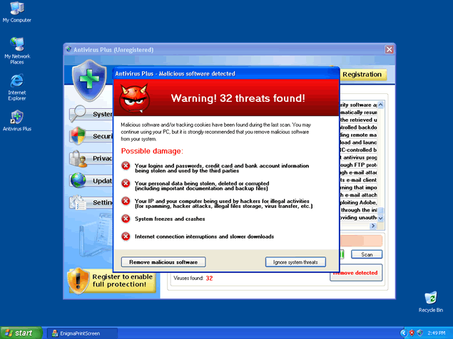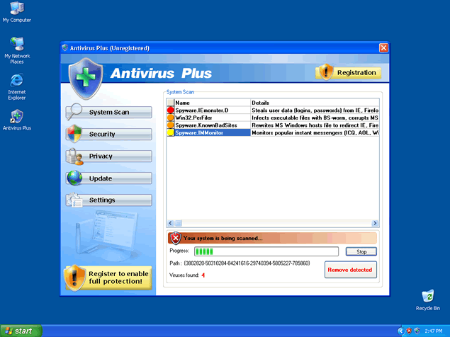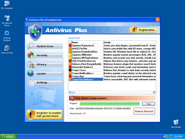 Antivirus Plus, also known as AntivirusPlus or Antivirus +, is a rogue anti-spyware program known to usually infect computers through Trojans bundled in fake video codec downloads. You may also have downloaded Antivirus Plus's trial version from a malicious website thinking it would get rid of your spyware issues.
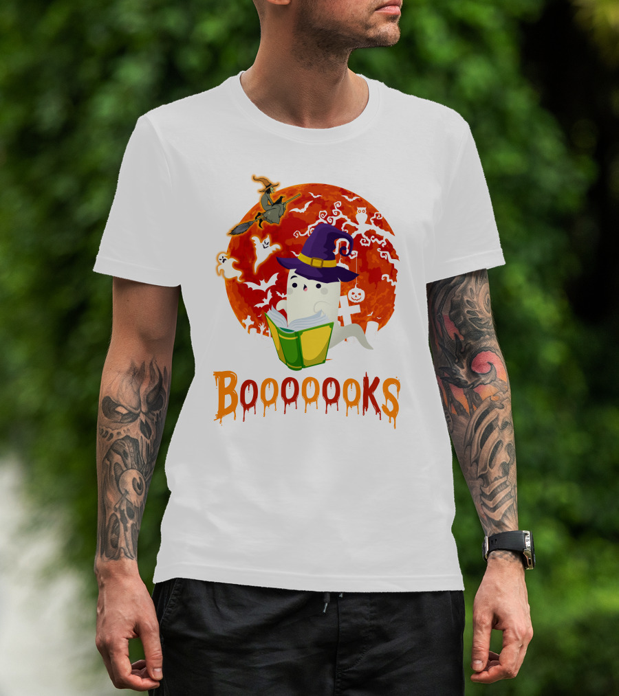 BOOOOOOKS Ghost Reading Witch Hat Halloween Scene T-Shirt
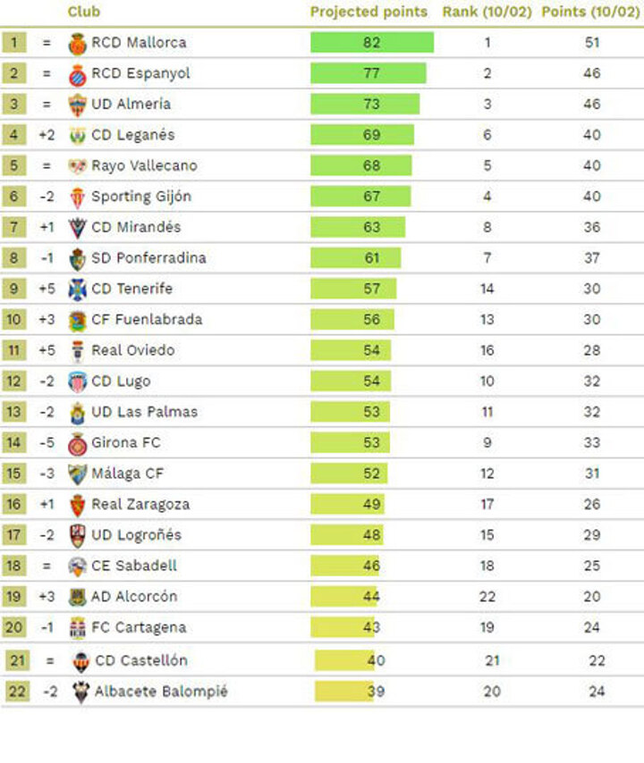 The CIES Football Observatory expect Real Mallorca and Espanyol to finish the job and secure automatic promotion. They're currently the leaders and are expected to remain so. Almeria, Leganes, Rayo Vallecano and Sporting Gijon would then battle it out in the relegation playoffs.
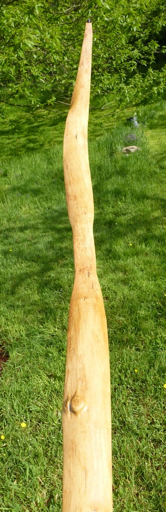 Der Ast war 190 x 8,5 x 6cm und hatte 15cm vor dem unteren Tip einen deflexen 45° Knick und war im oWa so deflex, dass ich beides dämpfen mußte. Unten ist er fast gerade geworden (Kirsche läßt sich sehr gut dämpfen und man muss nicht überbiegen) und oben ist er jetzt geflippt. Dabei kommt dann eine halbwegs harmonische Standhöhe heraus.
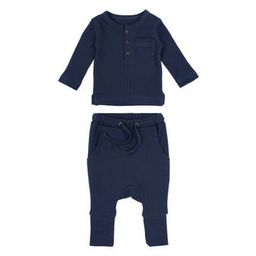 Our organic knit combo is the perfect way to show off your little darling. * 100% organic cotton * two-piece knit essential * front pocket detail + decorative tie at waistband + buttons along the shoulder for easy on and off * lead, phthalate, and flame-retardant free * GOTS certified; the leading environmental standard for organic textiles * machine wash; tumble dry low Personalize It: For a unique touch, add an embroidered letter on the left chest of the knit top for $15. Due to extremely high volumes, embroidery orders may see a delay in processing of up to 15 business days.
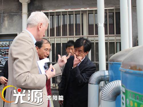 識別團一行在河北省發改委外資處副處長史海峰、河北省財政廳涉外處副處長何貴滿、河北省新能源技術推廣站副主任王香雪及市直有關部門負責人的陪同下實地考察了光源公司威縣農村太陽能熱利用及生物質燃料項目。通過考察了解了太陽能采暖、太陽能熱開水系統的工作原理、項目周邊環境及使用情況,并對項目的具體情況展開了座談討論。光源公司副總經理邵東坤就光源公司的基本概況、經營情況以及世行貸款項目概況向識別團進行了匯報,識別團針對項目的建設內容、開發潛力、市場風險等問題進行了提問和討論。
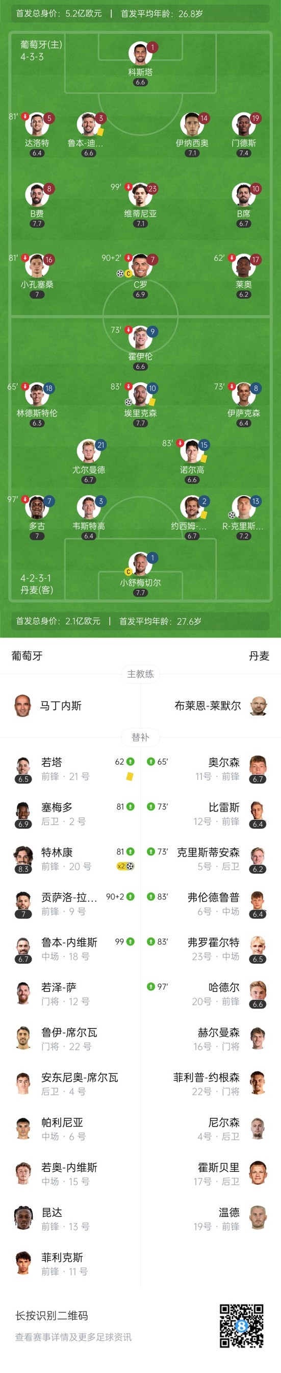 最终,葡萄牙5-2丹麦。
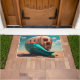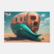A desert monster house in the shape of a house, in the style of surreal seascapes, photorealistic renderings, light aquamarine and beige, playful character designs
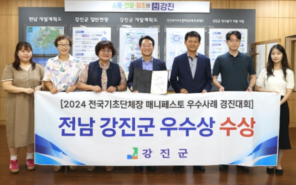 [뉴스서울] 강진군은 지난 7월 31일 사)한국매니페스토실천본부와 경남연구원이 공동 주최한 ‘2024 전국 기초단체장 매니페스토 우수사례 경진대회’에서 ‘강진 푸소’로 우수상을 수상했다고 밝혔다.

---

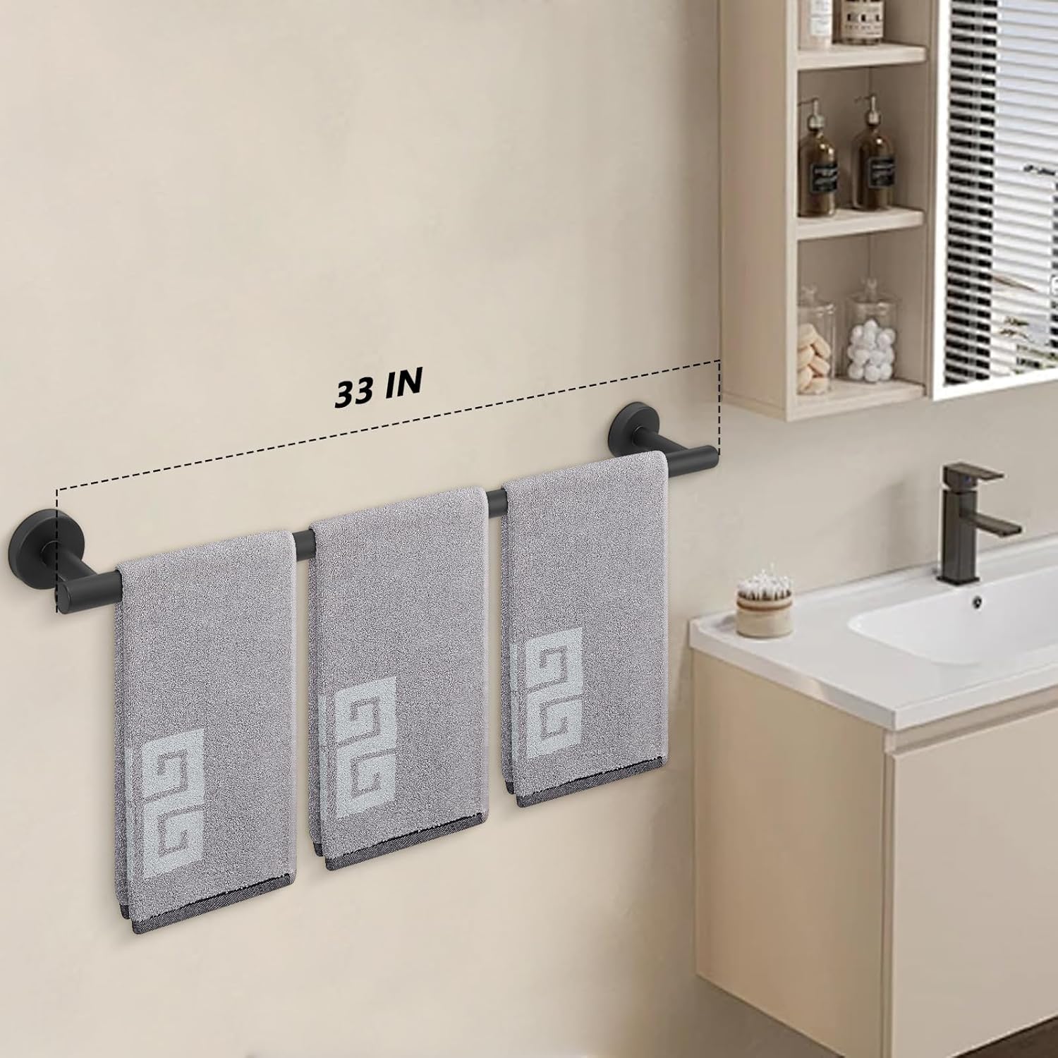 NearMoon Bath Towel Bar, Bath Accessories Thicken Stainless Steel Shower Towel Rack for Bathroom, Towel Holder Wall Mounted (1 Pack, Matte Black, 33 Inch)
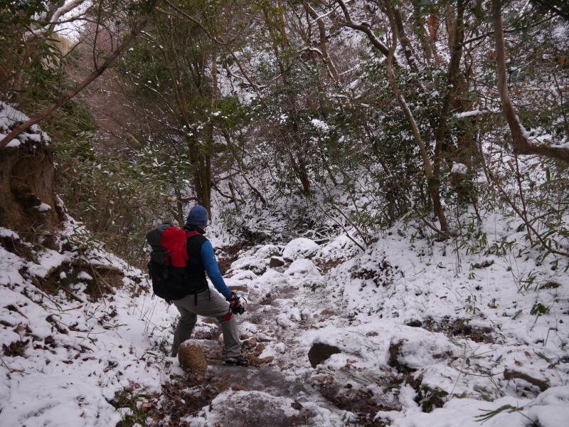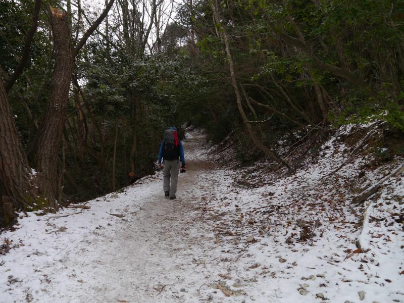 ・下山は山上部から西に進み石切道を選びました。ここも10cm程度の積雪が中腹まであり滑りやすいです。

■ Work required ■
Set down word for word the lines above from the one with "識別團一行在河北省發改委外資" up to and including the one with "[뉴스서울] 강진군은 지난". Omit every picture.

■ Output below ■
 識別團一行在河北省發改委外資處副處長史海峰、河北省財政廳涉外處副處長何貴滿、河北省新能源技術推廣站副主任王香雪及市直有關部門負責人的陪同下實地考察了光源公司威縣農村太陽能熱利用及生物質燃料項目。通過考察了解了太陽能采暖、太陽能熱開水系統的工作原理、項目周邊環境及使用情況,并對項目的具體情況展開了座談討論。光源公司副總經理邵東坤就光源公司的基本概況、經營情況以及世行貸款項目概況向識別團進行了匯報,識別團針對項目的建設內容、開發潛力、市場風險等問題進行了提問和討論。
 最终,葡萄牙5-2丹麦。
A desert monster house in the shape of a house, in the style of surreal seascapes, photorealistic renderings, light aquamarine and beige, playful character designs
 [뉴스서울] 강진군은 지난 7월 31일 사)한국매니페스토실천본부와 경남연구원이 공동 주최한 ‘2024 전국 기초단체장 매니페스토 우수사례 경진대회’에서 ‘강진 푸소’로 우수상을 수상했다고 밝혔다.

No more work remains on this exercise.